### YOUR TASK
Nothing but the lines below from the one that contains "Nagyszerű helyen vagyunk" through the one that contains "为迎接我校七十周年校庆,11" should be retyped, exactly and including both ends. Do not include pictures.

### EXERCISE DATA
════

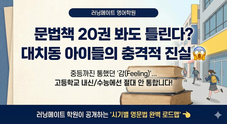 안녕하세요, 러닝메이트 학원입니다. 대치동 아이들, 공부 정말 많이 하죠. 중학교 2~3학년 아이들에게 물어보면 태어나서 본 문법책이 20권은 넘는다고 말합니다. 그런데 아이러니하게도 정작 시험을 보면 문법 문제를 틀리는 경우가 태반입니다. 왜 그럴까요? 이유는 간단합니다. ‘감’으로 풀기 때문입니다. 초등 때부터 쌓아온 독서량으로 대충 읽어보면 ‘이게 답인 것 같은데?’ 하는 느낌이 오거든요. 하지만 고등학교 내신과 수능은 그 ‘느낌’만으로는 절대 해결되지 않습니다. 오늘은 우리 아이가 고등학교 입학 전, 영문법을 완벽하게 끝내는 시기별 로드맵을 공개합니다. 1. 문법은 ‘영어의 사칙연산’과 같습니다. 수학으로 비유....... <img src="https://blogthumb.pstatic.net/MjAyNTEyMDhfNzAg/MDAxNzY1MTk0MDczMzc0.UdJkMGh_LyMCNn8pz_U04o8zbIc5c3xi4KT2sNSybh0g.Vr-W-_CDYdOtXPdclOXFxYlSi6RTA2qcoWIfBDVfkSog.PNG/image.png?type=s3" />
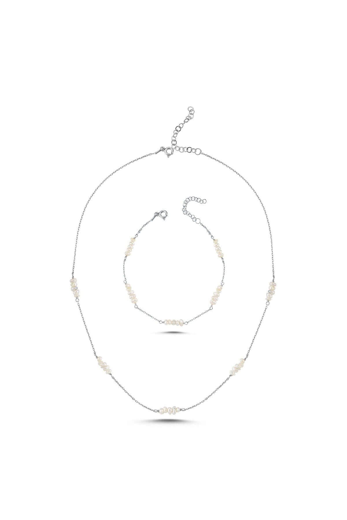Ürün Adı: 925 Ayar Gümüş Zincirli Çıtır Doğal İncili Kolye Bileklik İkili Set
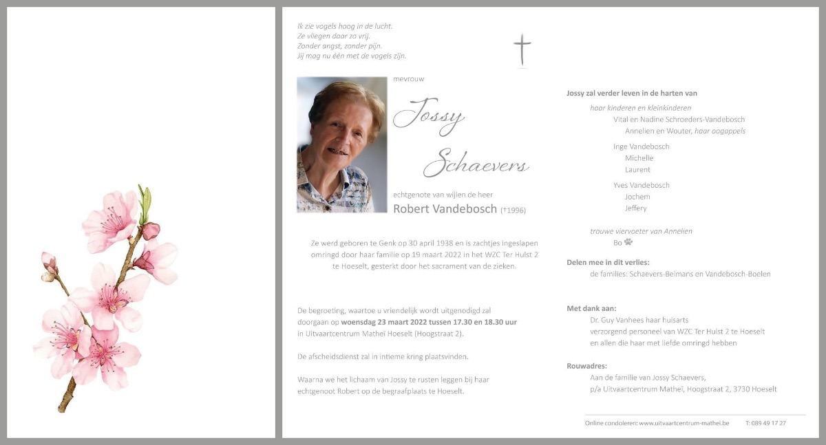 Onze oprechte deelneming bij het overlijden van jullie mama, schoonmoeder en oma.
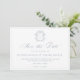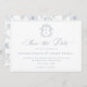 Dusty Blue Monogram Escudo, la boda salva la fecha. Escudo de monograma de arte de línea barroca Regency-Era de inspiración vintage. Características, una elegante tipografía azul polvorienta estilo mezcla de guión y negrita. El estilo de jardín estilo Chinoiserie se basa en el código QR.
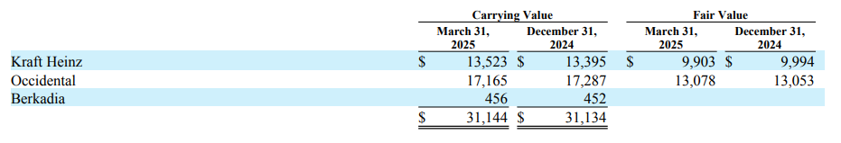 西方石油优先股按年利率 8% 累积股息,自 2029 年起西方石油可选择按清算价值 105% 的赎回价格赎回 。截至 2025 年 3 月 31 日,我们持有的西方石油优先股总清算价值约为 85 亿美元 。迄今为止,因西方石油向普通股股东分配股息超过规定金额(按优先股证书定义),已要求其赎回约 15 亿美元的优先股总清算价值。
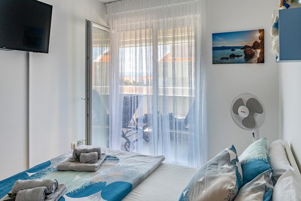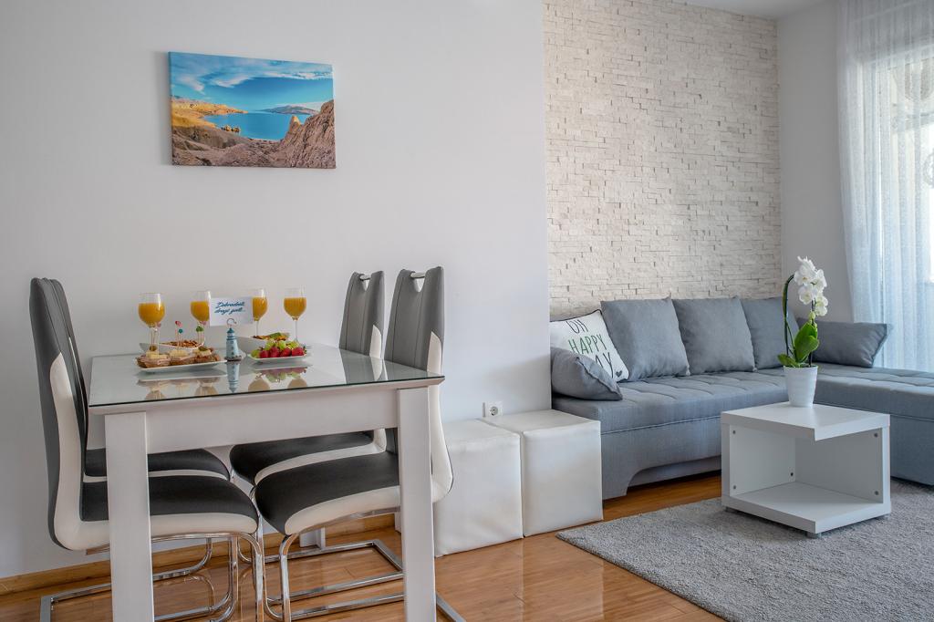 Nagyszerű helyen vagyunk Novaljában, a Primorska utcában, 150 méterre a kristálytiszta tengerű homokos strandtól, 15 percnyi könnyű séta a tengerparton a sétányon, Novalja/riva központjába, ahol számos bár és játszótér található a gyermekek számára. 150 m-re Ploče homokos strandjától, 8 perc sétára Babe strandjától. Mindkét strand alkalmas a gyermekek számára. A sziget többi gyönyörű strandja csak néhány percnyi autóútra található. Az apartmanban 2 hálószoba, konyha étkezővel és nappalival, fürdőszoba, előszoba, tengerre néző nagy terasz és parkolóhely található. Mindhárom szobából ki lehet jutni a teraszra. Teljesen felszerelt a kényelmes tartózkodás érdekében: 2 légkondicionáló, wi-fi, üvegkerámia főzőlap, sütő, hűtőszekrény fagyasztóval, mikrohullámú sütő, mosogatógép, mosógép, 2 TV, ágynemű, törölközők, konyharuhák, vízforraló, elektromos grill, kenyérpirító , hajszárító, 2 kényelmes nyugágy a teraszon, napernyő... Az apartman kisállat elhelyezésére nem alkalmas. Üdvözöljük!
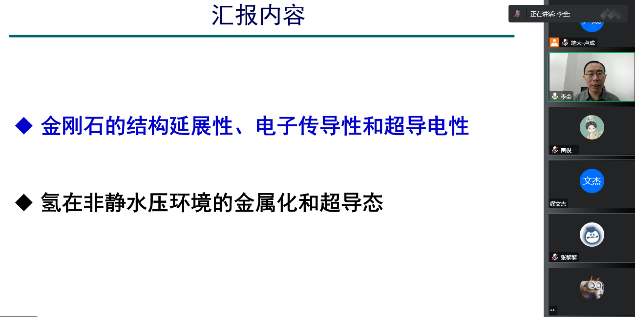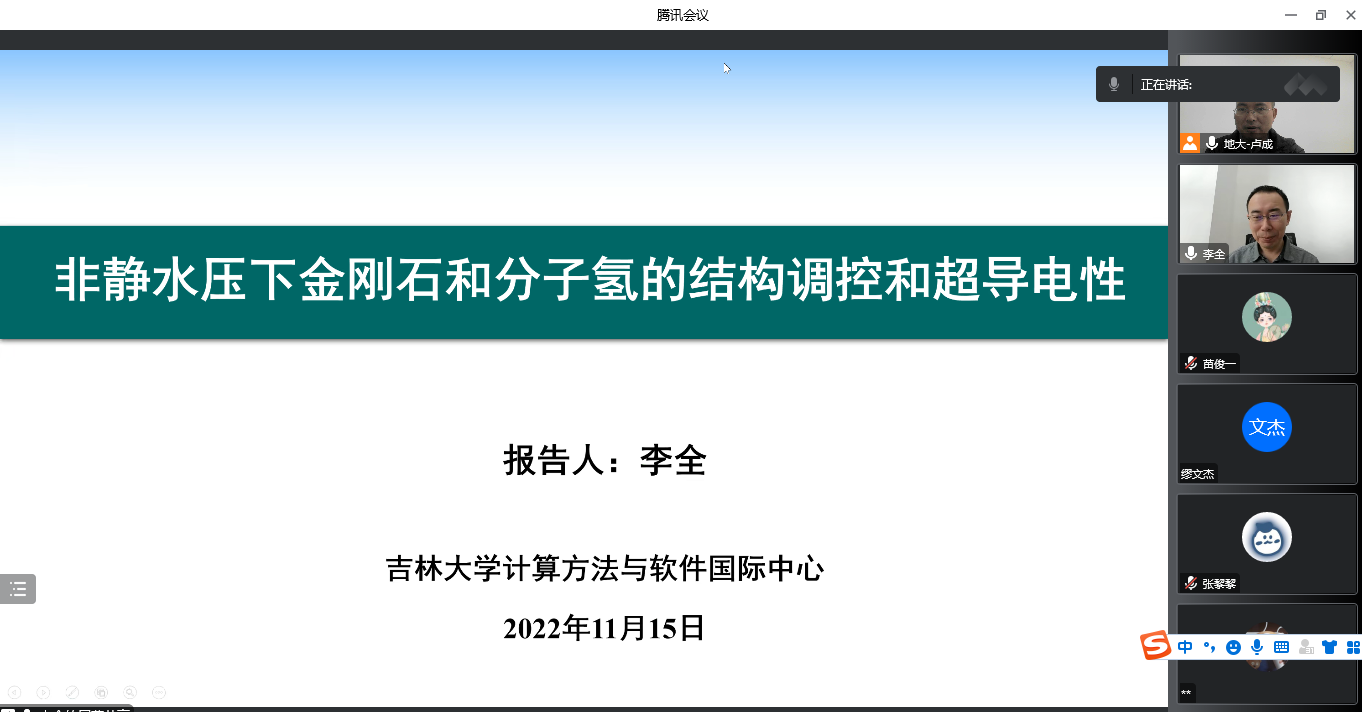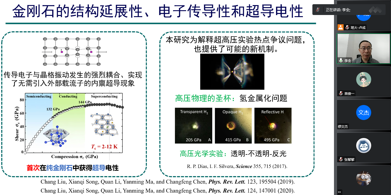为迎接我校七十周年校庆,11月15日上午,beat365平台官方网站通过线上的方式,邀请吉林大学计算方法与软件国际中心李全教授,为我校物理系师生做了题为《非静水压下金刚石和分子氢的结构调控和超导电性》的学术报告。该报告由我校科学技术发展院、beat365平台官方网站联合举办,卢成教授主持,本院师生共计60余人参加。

════

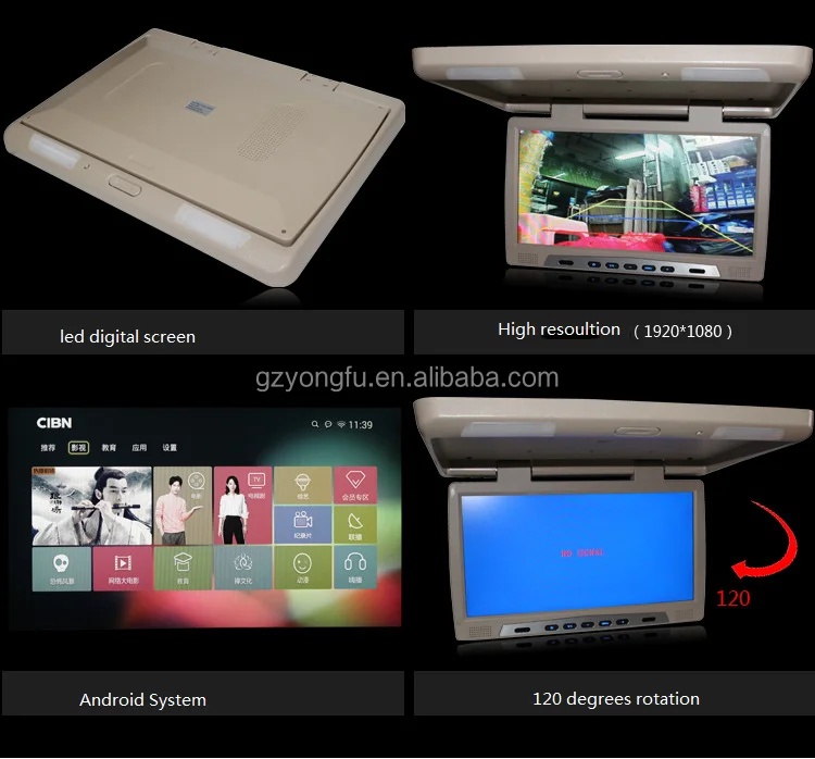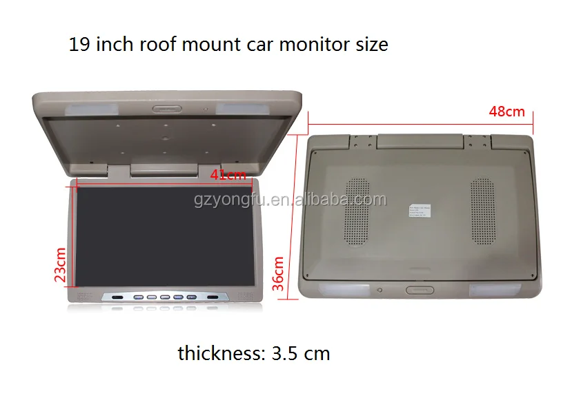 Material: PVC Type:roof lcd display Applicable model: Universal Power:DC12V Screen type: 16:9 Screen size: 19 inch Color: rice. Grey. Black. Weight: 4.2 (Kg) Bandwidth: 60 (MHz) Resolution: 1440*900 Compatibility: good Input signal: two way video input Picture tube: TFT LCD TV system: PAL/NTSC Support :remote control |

════

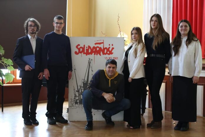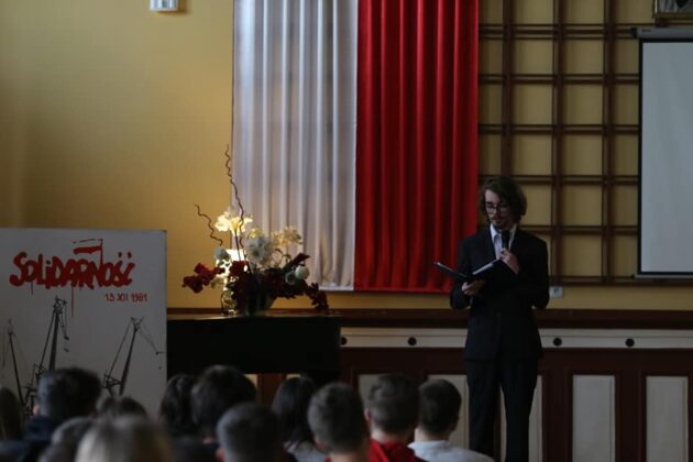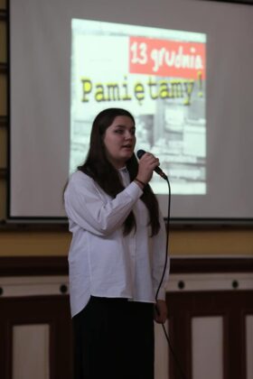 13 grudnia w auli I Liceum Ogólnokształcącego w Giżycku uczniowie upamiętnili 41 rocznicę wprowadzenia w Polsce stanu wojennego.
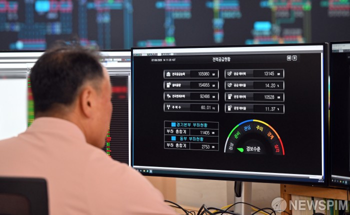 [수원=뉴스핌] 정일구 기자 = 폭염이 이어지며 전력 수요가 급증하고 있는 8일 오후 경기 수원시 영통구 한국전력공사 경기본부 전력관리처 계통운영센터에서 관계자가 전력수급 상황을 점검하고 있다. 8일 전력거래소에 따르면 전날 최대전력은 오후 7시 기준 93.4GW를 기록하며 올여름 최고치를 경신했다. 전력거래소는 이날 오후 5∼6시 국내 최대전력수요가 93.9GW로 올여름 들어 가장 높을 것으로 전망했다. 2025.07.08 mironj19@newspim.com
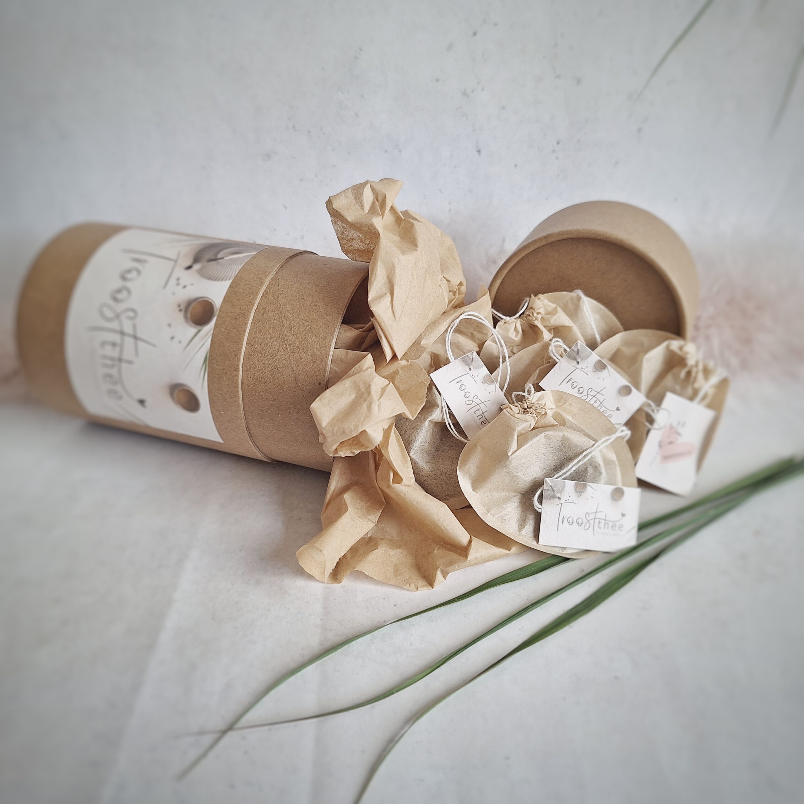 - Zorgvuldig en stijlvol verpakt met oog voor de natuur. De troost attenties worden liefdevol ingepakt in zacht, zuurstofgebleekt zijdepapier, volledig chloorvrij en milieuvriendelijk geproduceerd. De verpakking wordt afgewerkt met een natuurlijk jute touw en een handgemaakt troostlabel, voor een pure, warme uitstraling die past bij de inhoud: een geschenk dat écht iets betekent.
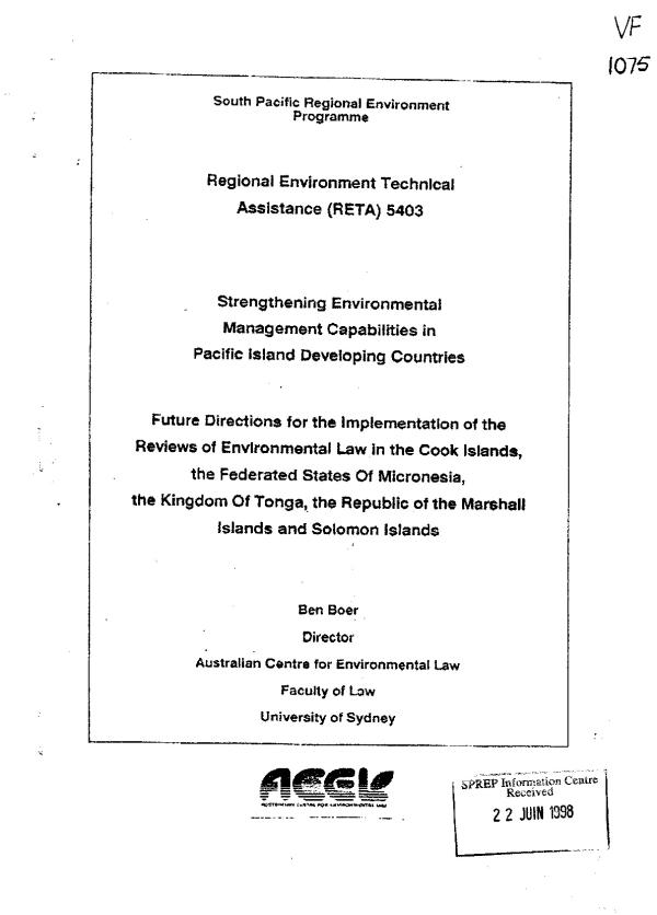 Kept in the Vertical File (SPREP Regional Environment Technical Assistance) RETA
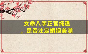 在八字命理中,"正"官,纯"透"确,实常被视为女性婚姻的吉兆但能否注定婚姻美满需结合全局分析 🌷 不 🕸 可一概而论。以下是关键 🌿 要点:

════

### WRITTEN ANSWER
 Nagyszerű helyen vagyunk Novaljában, a Primorska utcában, 150 méterre a kristálytiszta tengerű homokos strandtól, 15 percnyi könnyű séta a tengerparton a sétányon, Novalja/riva központjába, ahol számos bár és játszótér található a gyermekek számára. 150 m-re Ploče homokos strandjától, 8 perc sétára Babe strandjától. Mindkét strand alkalmas a gyermekek számára. A sziget többi gyönyörű strandja csak néhány percnyi autóútra található. Az apartmanban 2 hálószoba, konyha étkezővel és nappalival, fürdőszoba, előszoba, tengerre néző nagy terasz és parkolóhely található. Mindhárom szobából ki lehet jutni a teraszra. Teljesen felszerelt a kényelmes tartózkodás érdekében: 2 légkondicionáló, wi-fi, üvegkerámia főzőlap, sütő, hűtőszekrény fagyasztóval, mikrohullámú sütő, mosogatógép, mosógép, 2 TV, ágynemű, törölközők, konyharuhák, vízforraló, elektromos grill, kenyérpirító , hajszárító, 2 kényelmes nyugágy a teraszon, napernyő... Az apartman kisállat elhelyezésére nem alkalmas. Üdvözöljük!
为迎接我校七十周年校庆,11月15日上午,beat365平台官方网站通过线上的方式,邀请吉林大学计算方法与软件国际中心李全教授,为我校物理系师生做了题为《非静水压下金刚石和分子氢的结构调控和超导电性》的学术报告。该报告由我校科学技术发展院、beat365平台官方网站联合举办,卢成教授主持,本院师生共计60余人参加。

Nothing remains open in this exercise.